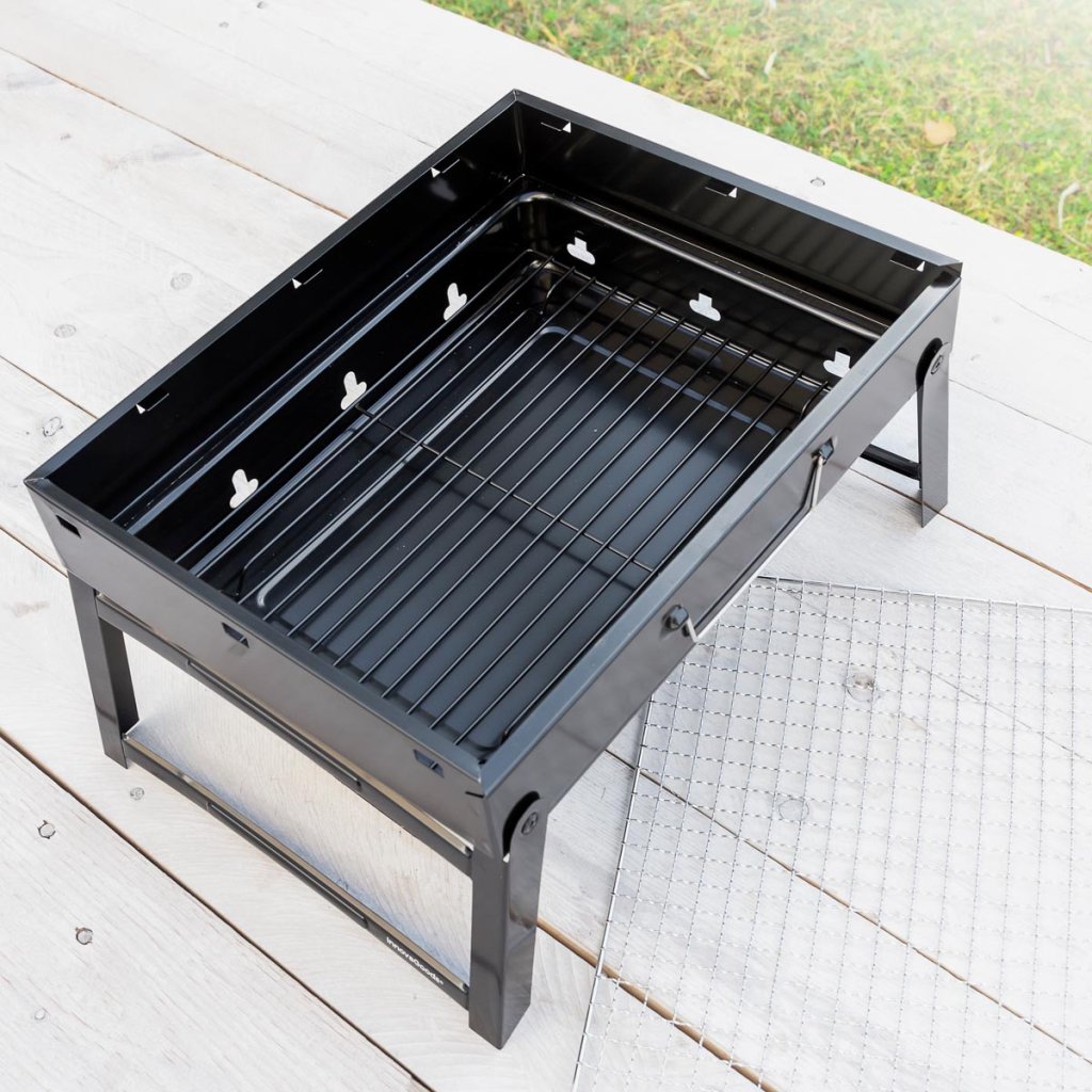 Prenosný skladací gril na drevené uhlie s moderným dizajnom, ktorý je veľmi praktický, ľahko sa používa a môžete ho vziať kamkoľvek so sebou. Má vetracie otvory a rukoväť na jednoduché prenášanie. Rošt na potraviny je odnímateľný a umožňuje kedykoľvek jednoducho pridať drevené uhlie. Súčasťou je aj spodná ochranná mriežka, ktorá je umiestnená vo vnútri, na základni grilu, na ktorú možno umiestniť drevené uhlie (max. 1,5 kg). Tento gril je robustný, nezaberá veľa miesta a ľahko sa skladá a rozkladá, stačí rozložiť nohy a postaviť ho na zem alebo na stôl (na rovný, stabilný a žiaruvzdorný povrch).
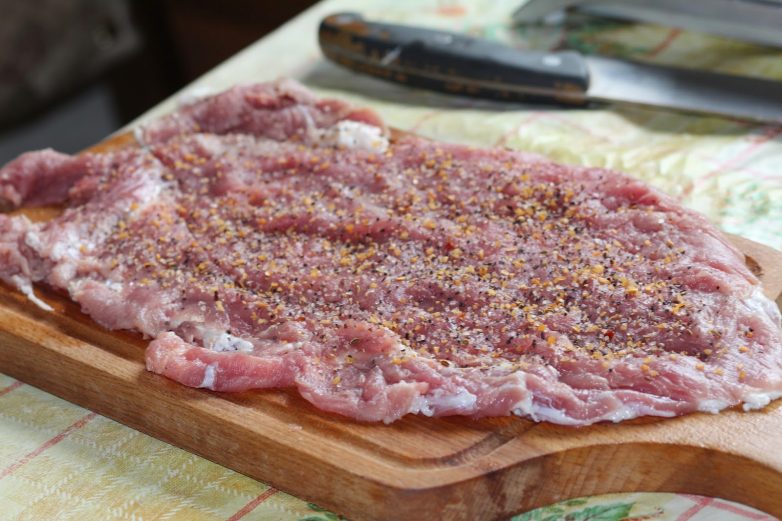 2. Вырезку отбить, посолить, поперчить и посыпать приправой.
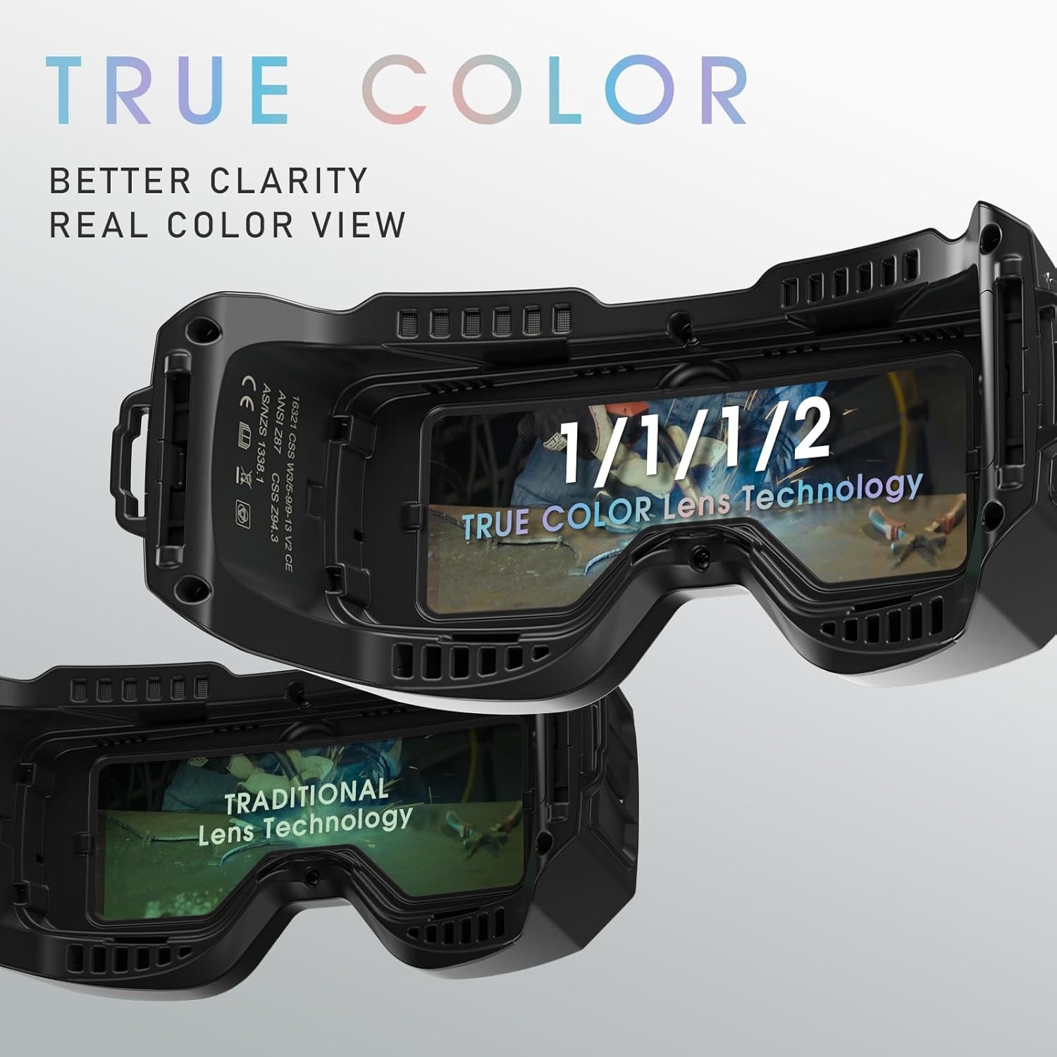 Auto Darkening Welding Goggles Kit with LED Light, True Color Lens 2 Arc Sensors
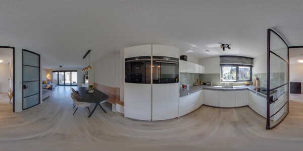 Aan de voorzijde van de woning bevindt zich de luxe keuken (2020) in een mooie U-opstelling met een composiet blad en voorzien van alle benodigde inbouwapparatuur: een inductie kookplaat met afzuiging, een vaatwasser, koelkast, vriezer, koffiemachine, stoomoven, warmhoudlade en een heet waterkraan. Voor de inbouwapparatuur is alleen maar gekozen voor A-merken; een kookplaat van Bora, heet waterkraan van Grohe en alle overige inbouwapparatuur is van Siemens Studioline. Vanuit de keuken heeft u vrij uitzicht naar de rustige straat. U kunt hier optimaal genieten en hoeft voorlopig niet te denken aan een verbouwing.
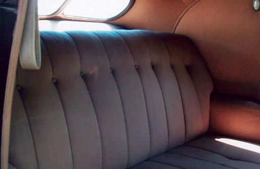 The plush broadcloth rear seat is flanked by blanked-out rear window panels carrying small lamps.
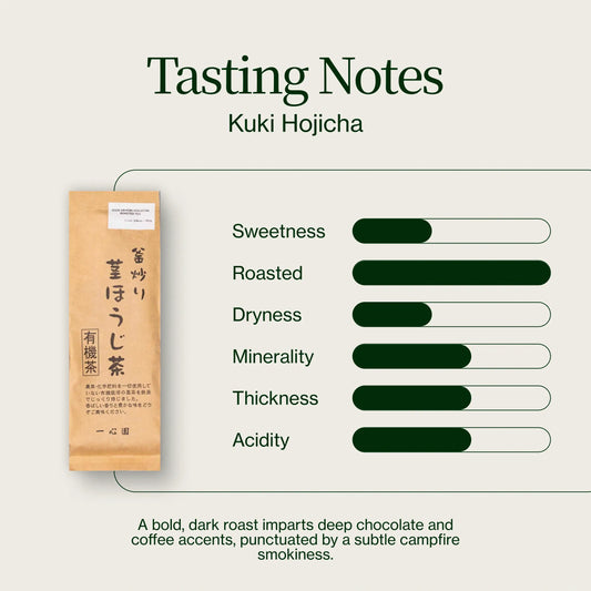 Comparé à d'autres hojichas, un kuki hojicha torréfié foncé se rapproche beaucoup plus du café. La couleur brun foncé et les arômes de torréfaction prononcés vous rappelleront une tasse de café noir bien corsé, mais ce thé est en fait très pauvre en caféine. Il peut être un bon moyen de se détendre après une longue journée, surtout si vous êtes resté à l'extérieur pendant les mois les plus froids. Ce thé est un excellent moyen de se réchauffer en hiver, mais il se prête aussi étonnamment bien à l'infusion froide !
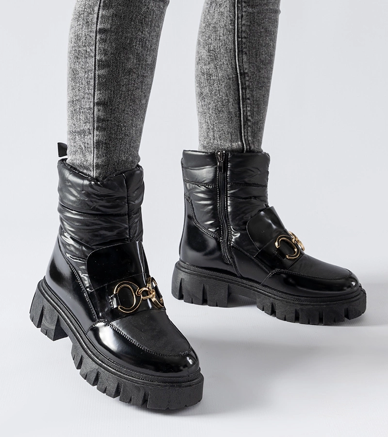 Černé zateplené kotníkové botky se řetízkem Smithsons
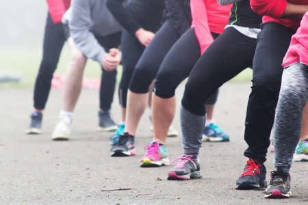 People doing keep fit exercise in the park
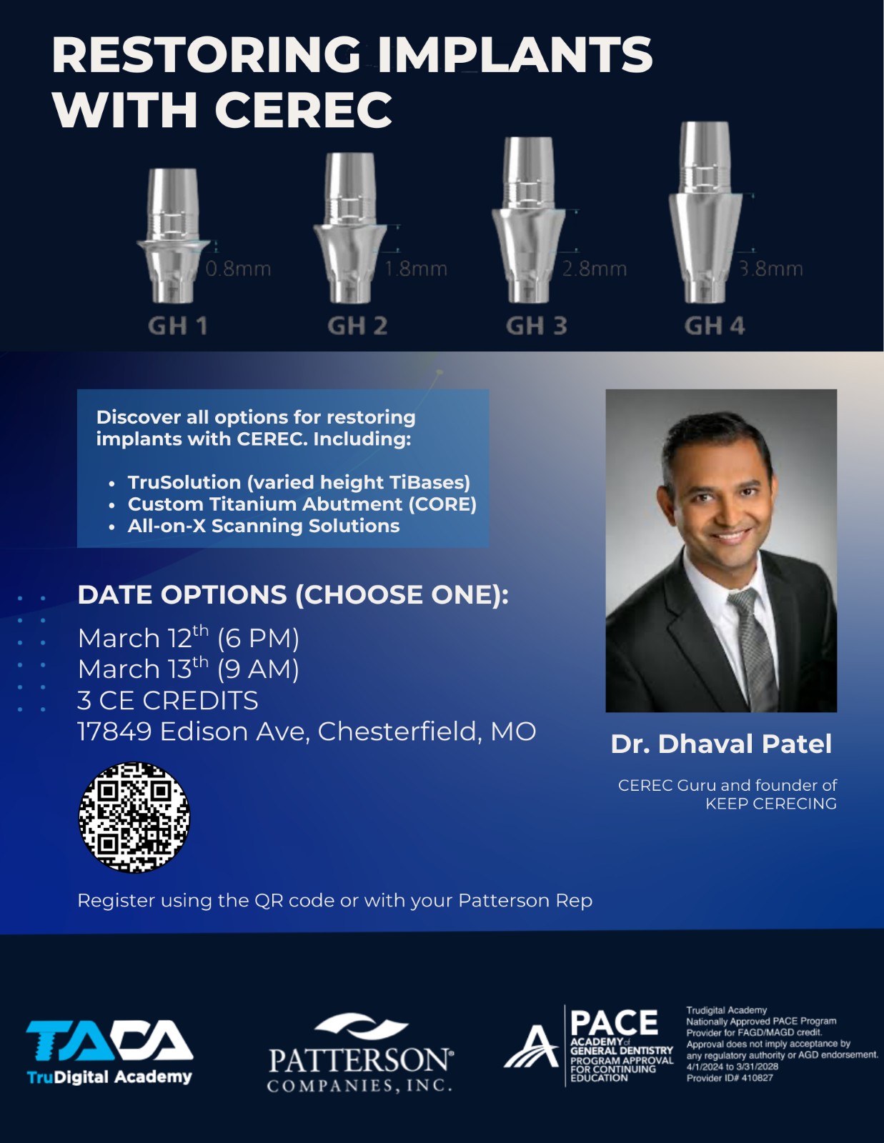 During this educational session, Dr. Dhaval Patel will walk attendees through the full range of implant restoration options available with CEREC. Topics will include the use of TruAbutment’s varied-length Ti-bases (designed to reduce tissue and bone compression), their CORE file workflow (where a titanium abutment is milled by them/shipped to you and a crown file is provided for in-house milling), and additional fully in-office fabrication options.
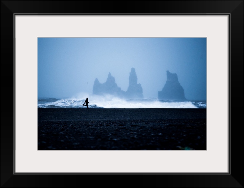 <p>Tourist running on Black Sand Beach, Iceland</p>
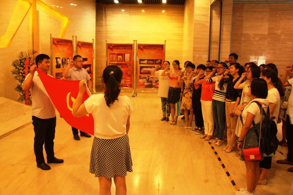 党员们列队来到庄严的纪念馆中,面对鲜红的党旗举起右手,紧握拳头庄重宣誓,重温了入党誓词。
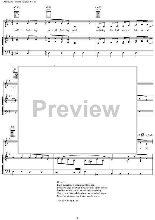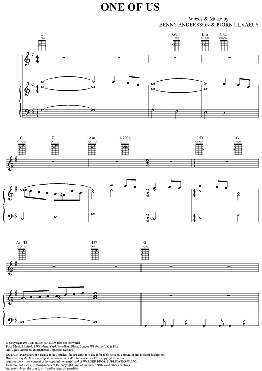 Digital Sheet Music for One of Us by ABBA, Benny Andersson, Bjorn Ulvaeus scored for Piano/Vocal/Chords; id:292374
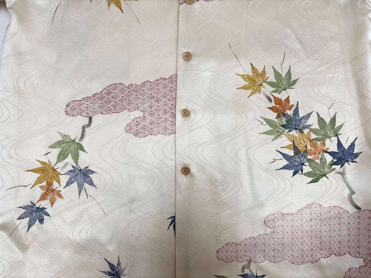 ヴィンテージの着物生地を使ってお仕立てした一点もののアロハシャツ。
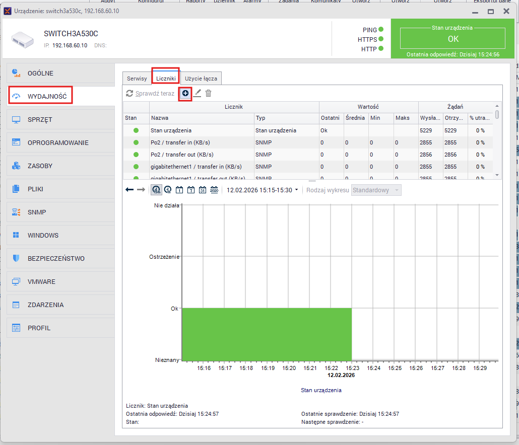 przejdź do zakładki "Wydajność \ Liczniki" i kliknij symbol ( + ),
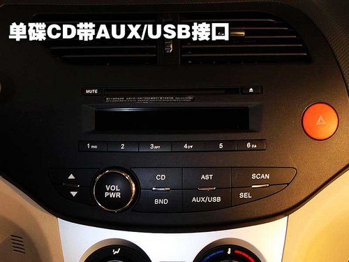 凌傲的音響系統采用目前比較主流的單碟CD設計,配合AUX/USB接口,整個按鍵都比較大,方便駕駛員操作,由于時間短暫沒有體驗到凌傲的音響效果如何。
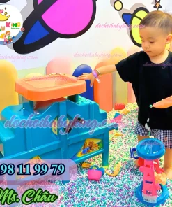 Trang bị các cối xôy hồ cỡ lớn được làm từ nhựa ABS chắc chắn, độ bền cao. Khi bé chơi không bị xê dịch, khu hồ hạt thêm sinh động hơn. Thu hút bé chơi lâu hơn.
·····
When you reach the line with "Černé zateplené kotníkové" in the records above, begin repeating the lines exactly, and stop after the line with "凌傲的音響系統采用目前比較主". Skip all pictures.

■ Problem solution:
 Černé zateplené kotníkové botky se řetízkem Smithsons
 People doing keep fit exercise in the park
 During this educational session, Dr. Dhaval Patel will walk attendees through the full range of implant restoration options available with CEREC. Topics will include the use of TruAbutment’s varied-length Ti-bases (designed to reduce tissue and bone compression), their CORE file workflow (where a titanium abutment is milled by them/shipped to you and a crown file is provided for in-house milling), and additional fully in-office fabrication options.
 <p>Tourist running on Black Sand Beach, Iceland</p>
 党员们列队来到庄严的纪念馆中,面对鲜红的党旗举起右手,紧握拳头庄重宣誓,重温了入党誓词。
 Digital Sheet Music for One of Us by ABBA, Benny Andersson, Bjorn Ulvaeus scored for Piano/Vocal/Chords; id:292374
 ヴィンテージの着物生地を使ってお仕立てした一点もののアロハシャツ。
 przejdź do zakładki "Wydajność \ Liczniki" i kliknij symbol ( + ),
 凌傲的音響系統采用目前比較主流的單碟CD設計,配合AUX/USB接口,整個按鍵都比較大,方便駕駛員操作,由于時間短暫沒有體驗到凌傲的音響效果如何。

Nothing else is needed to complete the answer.